··· EXTRACTED ENTRIES ···

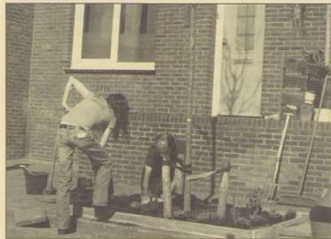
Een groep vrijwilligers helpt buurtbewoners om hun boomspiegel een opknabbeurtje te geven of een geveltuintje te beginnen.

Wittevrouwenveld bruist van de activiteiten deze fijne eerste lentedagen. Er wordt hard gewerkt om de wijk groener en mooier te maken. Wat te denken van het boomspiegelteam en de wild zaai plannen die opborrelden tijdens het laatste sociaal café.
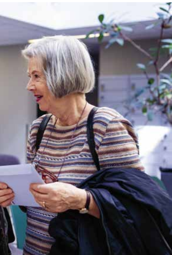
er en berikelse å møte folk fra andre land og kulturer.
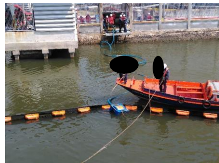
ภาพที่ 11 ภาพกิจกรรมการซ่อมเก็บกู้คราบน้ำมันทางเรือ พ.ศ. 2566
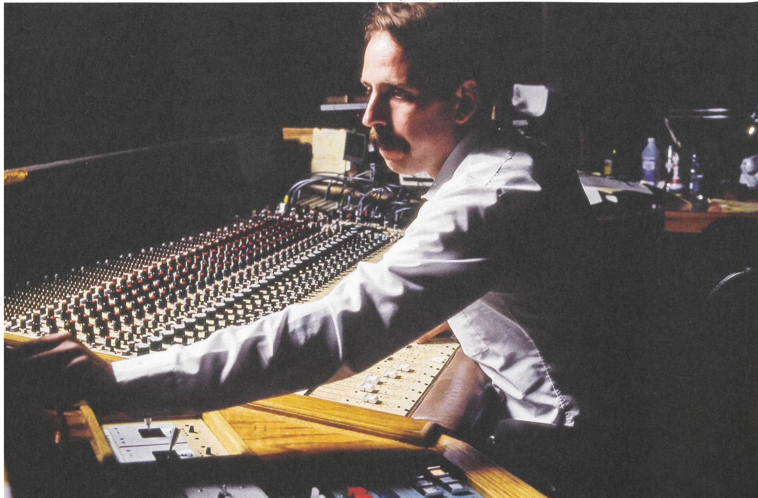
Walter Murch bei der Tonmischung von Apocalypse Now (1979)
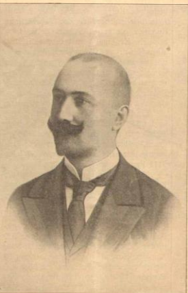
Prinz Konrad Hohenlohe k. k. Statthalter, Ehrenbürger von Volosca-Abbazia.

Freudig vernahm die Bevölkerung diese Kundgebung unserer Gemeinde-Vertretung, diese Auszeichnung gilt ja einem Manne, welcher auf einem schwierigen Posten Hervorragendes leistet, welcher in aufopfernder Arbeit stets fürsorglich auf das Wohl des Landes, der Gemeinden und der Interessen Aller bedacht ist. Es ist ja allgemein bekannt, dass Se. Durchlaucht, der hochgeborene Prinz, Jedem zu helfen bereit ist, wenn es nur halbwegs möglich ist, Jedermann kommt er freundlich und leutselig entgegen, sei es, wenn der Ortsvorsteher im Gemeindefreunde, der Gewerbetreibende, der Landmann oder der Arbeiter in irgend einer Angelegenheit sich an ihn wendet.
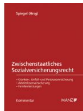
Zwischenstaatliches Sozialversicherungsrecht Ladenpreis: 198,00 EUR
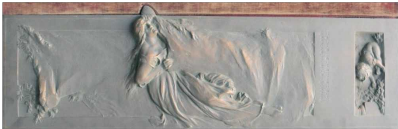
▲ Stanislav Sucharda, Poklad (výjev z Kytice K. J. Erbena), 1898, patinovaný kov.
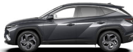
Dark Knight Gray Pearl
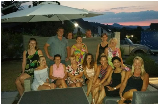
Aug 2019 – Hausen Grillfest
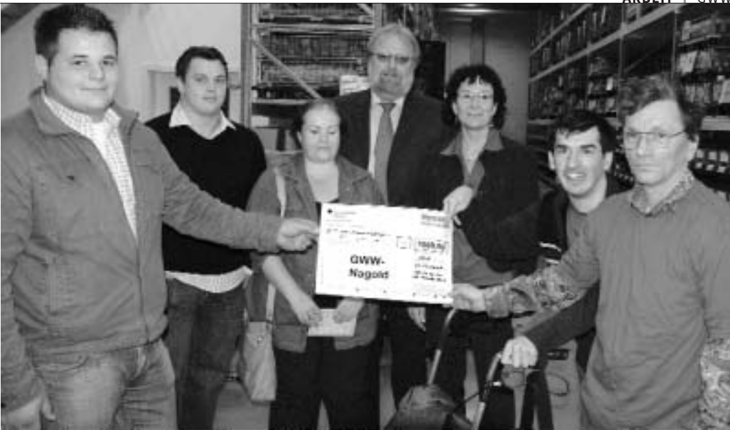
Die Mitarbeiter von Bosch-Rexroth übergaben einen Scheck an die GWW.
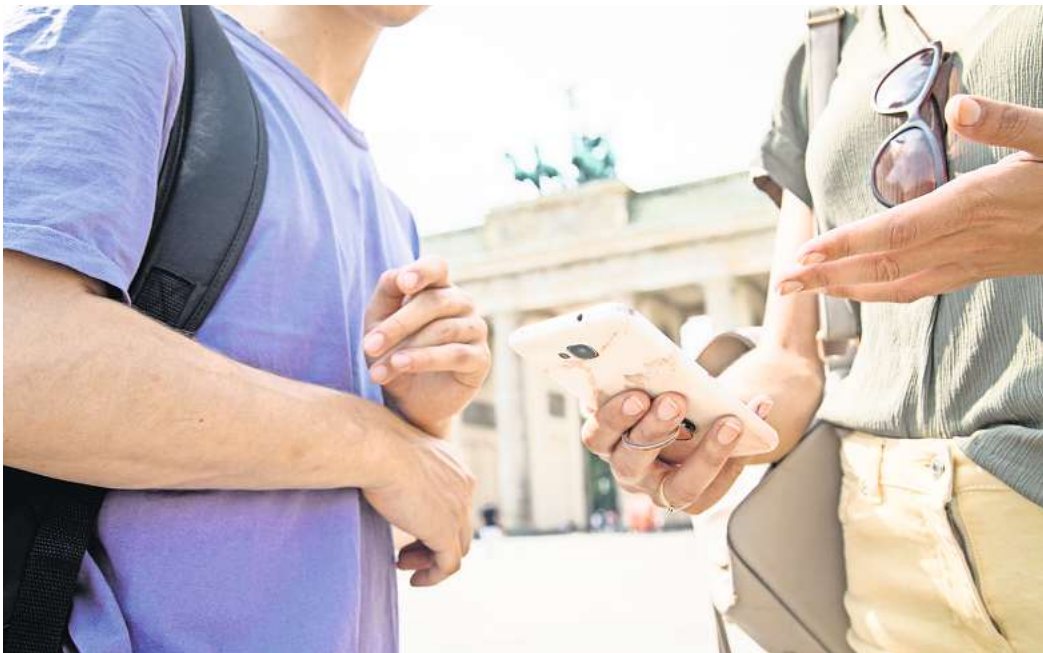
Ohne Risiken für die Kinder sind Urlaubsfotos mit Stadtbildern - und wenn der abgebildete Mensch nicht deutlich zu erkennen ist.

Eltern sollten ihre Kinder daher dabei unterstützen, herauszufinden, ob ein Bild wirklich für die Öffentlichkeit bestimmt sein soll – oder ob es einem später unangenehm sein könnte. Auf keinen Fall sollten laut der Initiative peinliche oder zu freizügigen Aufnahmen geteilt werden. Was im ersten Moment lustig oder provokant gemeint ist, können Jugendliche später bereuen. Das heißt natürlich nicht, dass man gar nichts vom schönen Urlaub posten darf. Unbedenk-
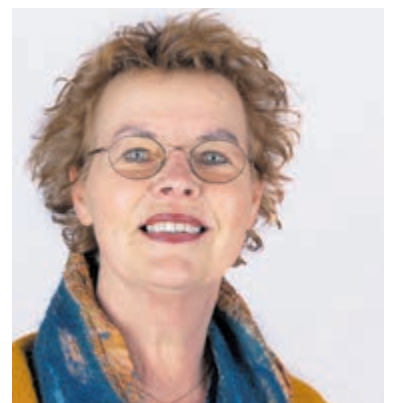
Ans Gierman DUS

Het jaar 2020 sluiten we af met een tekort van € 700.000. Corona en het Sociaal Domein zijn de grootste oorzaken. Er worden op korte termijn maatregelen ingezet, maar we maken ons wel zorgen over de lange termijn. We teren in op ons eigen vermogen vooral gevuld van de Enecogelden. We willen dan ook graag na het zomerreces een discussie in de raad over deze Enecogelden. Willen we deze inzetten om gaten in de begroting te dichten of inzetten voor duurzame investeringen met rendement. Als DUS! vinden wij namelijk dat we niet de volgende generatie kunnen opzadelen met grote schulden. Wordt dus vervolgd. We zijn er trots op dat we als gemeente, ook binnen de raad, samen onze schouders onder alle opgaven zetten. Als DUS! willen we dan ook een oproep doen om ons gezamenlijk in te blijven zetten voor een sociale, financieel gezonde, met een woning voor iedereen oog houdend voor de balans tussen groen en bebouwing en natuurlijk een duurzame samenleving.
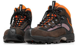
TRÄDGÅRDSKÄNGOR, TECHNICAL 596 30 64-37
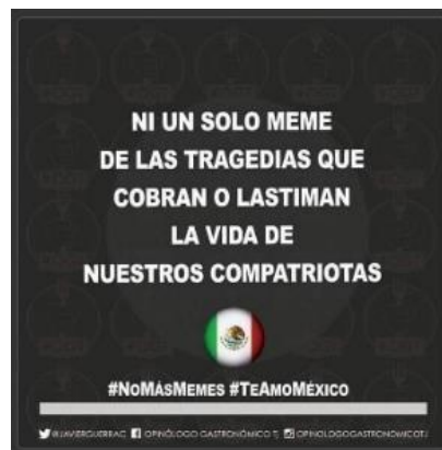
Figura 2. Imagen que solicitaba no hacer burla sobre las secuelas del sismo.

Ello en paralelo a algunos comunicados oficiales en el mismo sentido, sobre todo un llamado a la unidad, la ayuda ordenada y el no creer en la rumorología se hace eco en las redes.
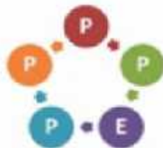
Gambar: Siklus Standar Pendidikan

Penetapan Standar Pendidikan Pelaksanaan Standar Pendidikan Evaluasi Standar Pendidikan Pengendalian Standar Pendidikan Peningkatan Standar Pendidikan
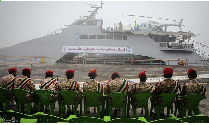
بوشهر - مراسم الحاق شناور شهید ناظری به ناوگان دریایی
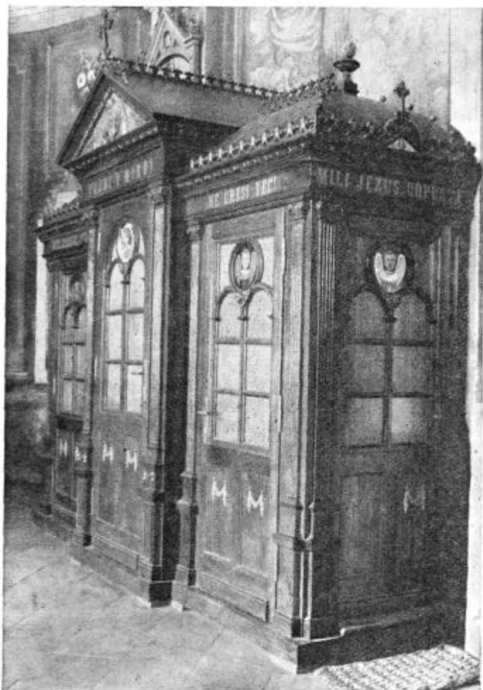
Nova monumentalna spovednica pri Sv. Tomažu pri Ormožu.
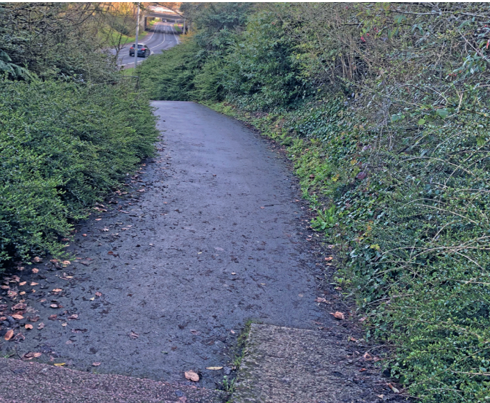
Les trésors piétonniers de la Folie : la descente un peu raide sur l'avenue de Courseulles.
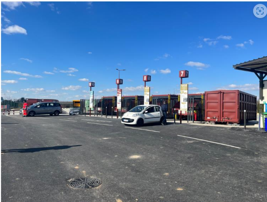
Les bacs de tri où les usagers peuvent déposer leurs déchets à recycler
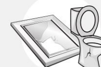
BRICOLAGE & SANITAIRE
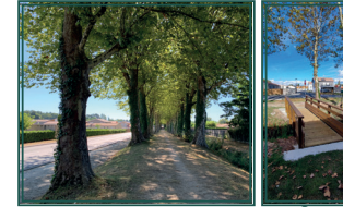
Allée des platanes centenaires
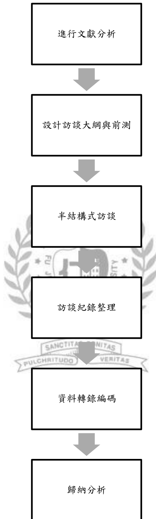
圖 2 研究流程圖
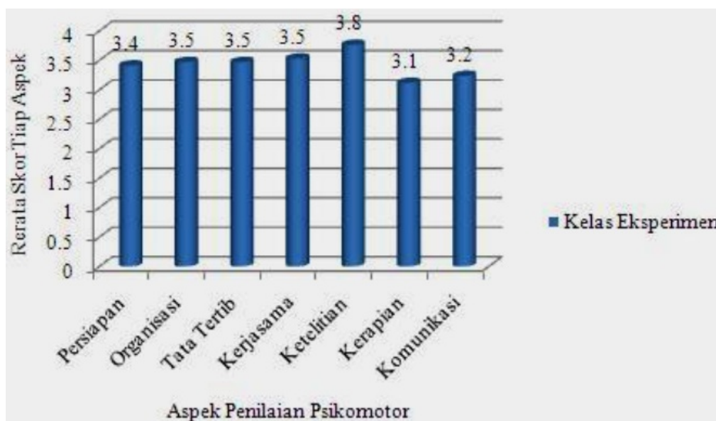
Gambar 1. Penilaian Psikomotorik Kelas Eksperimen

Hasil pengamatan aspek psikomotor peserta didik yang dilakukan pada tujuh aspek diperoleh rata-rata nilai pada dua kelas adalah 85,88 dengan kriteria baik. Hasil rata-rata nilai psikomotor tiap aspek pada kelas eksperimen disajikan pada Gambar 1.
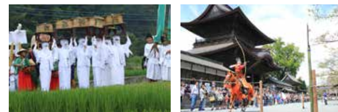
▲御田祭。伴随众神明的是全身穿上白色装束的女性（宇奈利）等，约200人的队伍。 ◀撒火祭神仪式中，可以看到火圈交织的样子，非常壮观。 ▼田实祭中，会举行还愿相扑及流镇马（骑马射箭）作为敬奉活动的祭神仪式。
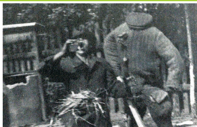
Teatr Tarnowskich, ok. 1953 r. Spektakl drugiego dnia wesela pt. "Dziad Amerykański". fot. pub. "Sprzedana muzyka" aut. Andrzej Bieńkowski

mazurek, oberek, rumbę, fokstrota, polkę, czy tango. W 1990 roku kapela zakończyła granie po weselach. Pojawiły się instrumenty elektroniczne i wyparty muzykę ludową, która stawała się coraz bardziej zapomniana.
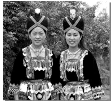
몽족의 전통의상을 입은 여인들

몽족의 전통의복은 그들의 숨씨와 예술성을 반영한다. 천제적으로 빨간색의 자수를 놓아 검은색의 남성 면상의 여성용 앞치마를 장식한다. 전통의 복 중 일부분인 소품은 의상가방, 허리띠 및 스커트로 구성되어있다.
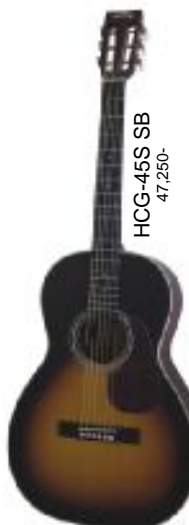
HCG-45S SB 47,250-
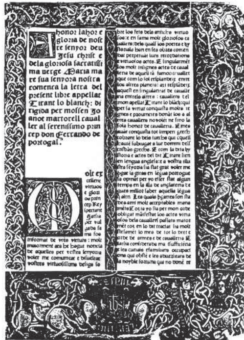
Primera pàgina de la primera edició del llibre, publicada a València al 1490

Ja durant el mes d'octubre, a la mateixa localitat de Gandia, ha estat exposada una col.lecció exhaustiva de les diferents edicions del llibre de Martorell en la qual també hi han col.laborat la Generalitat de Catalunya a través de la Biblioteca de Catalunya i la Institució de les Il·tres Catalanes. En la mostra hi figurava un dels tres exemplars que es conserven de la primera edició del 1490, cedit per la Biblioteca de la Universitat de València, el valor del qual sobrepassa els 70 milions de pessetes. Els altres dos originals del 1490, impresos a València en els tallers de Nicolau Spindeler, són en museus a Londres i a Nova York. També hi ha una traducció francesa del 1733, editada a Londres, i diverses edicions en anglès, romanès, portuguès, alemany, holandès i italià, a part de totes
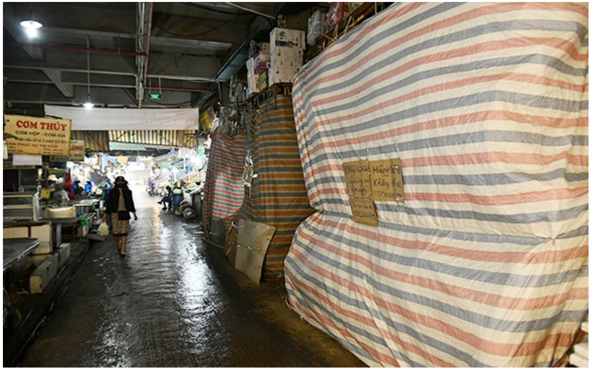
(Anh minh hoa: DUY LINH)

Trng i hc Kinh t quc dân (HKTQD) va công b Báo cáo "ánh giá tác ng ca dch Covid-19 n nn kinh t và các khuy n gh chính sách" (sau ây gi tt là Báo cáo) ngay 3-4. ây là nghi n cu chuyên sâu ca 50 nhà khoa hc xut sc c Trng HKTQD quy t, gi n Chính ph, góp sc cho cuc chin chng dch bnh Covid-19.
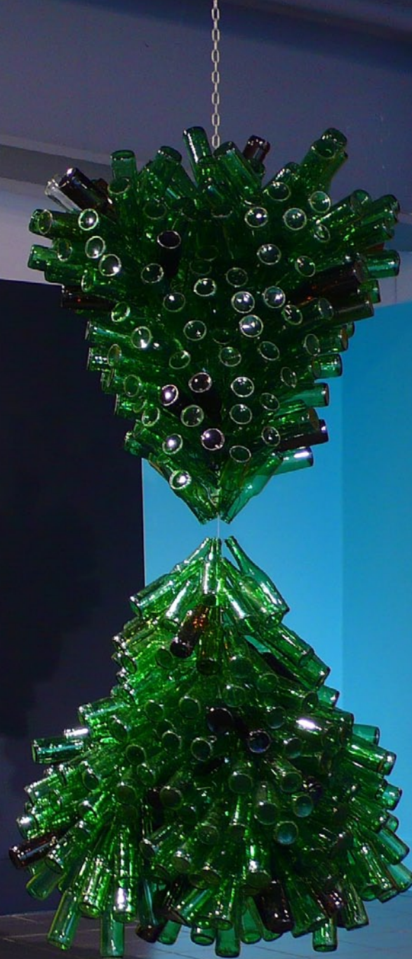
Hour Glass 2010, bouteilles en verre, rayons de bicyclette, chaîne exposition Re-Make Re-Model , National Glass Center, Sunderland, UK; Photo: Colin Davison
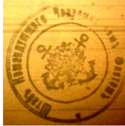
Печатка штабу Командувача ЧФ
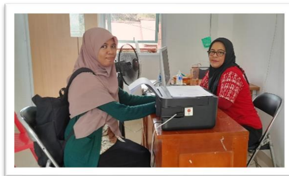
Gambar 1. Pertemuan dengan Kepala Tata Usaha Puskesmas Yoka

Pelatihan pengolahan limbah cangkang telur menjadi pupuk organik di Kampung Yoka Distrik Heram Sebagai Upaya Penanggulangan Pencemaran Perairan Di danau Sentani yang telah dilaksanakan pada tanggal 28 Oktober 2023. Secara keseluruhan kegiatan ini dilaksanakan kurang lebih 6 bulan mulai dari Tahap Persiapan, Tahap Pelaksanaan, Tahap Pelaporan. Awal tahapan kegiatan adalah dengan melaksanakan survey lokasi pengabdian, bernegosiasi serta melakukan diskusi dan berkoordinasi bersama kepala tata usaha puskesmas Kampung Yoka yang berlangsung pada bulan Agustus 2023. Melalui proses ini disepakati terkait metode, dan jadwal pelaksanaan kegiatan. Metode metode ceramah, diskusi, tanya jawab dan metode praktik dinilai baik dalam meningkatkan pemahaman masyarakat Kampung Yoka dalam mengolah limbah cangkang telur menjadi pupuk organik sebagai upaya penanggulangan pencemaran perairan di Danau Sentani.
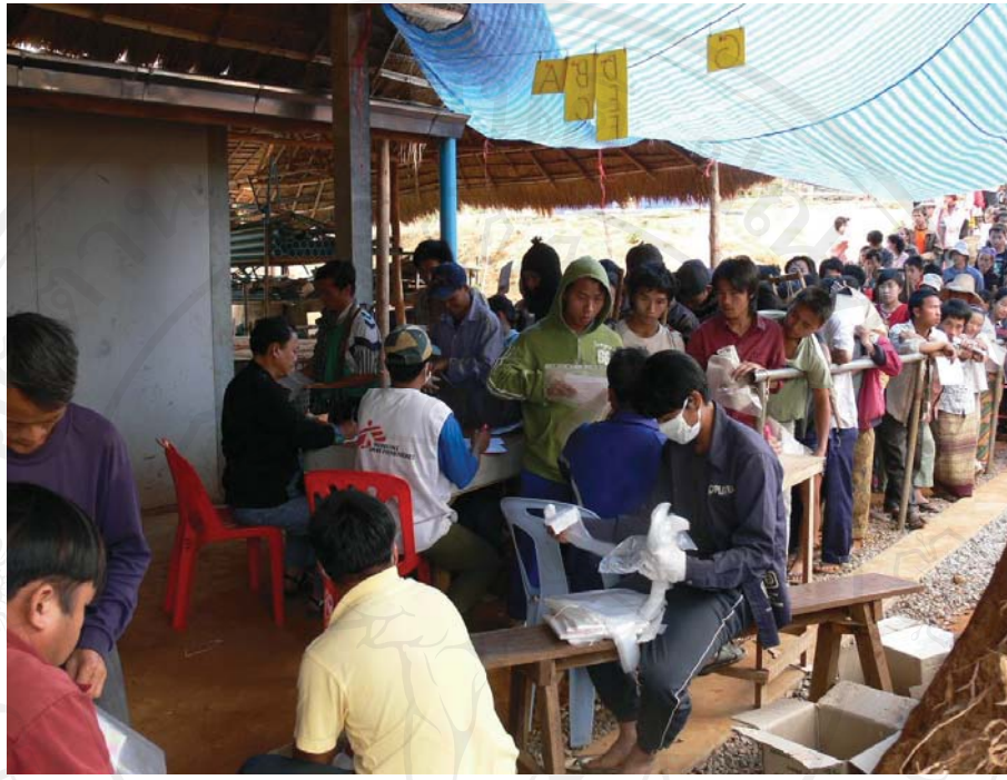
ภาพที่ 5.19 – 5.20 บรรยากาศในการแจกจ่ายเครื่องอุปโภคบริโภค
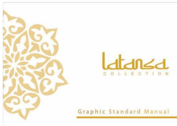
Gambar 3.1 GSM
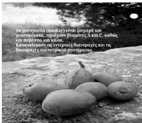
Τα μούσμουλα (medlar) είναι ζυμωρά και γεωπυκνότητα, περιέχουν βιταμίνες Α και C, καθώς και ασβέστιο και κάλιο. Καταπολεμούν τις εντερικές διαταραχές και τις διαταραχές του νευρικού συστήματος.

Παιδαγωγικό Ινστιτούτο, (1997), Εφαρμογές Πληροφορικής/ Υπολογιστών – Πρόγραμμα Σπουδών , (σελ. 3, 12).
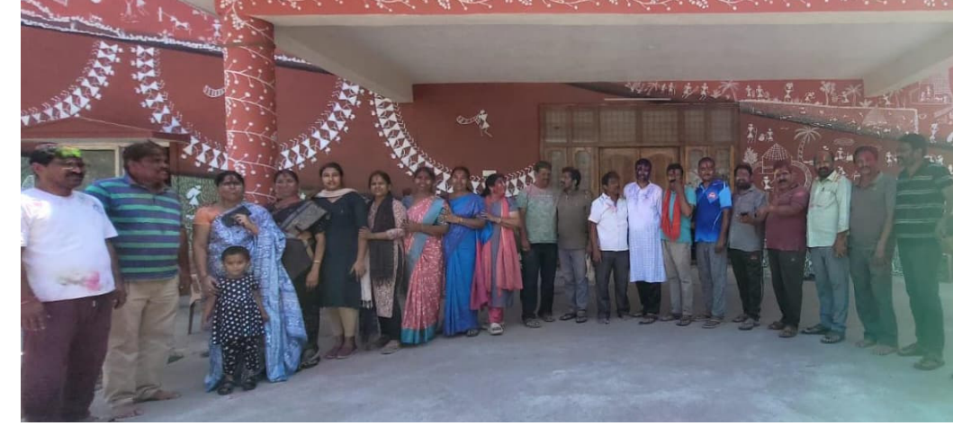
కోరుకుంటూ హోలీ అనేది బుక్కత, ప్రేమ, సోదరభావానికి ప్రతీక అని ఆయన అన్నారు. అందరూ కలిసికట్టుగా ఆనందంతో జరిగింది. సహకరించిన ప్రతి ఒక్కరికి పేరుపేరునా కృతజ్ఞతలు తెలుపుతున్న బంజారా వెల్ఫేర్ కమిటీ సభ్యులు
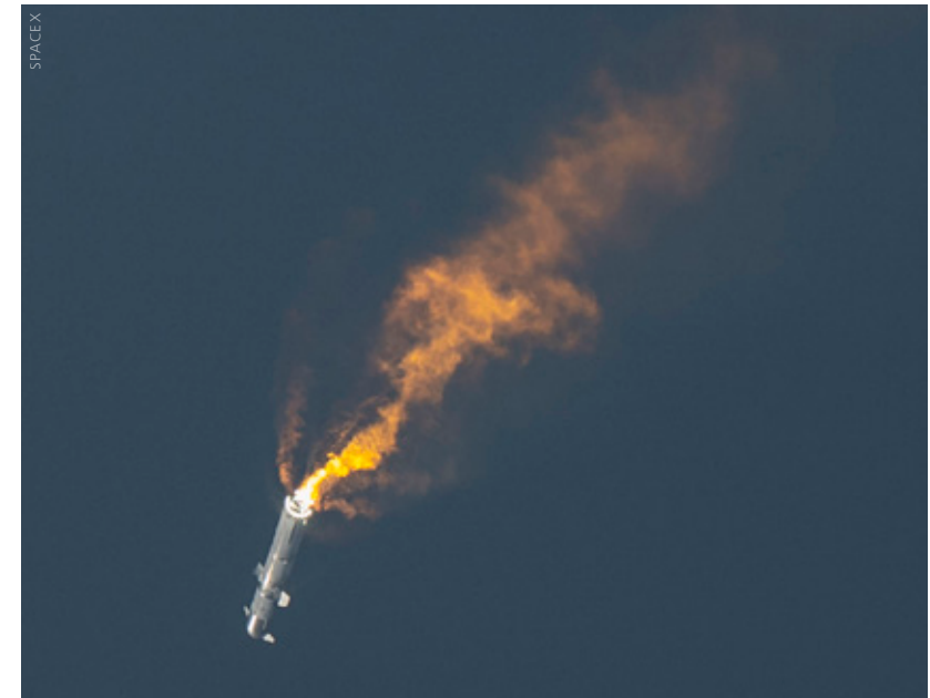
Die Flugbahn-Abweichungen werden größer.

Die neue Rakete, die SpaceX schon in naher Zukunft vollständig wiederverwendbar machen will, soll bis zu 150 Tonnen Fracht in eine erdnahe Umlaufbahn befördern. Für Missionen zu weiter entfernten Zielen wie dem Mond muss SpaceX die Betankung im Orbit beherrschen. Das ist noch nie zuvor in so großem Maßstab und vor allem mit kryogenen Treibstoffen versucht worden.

···

[WHAT THE TASK ASKS]: Both the line containing "Ja durant el" and the line containing "Gambar 1. Pertemuan" above belong in the output, as do the lines between them. Print them exactly, without pictures.

[ANSWER SECTION]:
Ja durant el mes d'octubre, a la mateixa localitat de Gandia, ha estat exposada una col.lecció exhaustiva de les diferents edicions del llibre de Martorell en la qual també hi han col.laborat la Generalitat de Catalunya a través de la Biblioteca de Catalunya i la Institució de les Il·tres Catalanes. En la mostra hi figurava un dels tres exemplars que es conserven de la primera edició del 1490, cedit per la Biblioteca de la Universitat de València, el valor del qual sobrepassa els 70 milions de pessetes. Els altres dos originals del 1490, impresos a València en els tallers de Nicolau Spindeler, són en museus a Londres i a Nova York. També hi ha una traducció francesa del 1733, editada a Londres, i diverses edicions en anglès, romanès, portuguès, alemany, holandès i italià, a part de totes
(Anh minh hoa: DUY LINH)

Trng i hc Kinh t quc dân (HKTQD) va công b Báo cáo "ánh giá tác ng ca dch Covid-19 n nn kinh t và các khuy n gh chính sách" (sau ây gi tt là Báo cáo) ngay 3-4. ây là nghi n cu chuyên sâu ca 50 nhà khoa hc xut sc c Trng HKTQD quy t, gi n Chính ph, góp sc cho cuc chin chng dch bnh Covid-19.
Hour Glass 2010, bouteilles en verre, rayons de bicyclette, chaîne exposition Re-Make Re-Model , National Glass Center, Sunderland, UK; Photo: Colin Davison
Печатка штабу Командувача ЧФ
Gambar 1. Pertemuan dengan Kepala Tata Usaha Puskesmas Yoka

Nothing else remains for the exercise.